Für Hasko Weber war die Produktion eine „neue Erfahrung, sowohl im Denken als auch in den täglichen Proben“. Für die Zuschauer gibt es die Überraschung, dass, wenn alle zehn tanzen, Mimen und Tänzer nicht zu unterscheiden sind. Und der knapp zweistündige Abend ist meilenweit von „Männer-in-Frauenkleidern“-Blödheit entfernt (einziger Ausrutscher: eine überflüssige Dirndl-Mitklatsch-Zugabe). „On the edge“ stellt viele Fragen, vieles infrage, gibt aber nicht vor, alle Antworten zu haben. Der Musikmix dazu ist wild, von Einstürzende Neubauten, Johnny Cash, Michael Nyman bis FM Einheit. Es gibt auch romantische Klänge, danach erzählt eine alte Palästinenserin, wie sie sich ihrer tumben, lauten Männer (Gatte und Sohn) per Insulin in der Suppe entledigt hat.

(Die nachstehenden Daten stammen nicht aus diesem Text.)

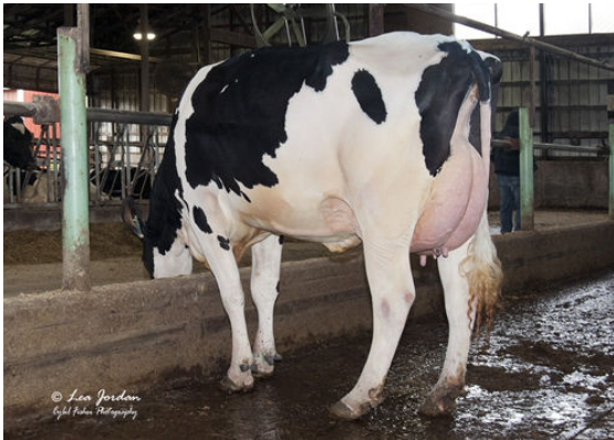
OCD BURLEY FRANCES 41330 FOURTH DAM

Nicht nur hier wird die Performance richtig böse; mit dem gestelzten Männer-Frauen-Umgang des klassischen Balletts nehmen Plucis und Weber zudem ihr eigenes Metier auf die Schippe.
Am Ende liegen alle, Tänzer und Mimen, flach auf dem Boden, eine einzelne Hand wischt den Abend weg – nicht aber die vielen Gedanken, die er in die Köpfe der Zuschauer gepflanzt hat. Eine sehr erfolgreiche, erste Kooperation. Die Fortsetzung wünscht sich Weber sehr – und wir uns auch!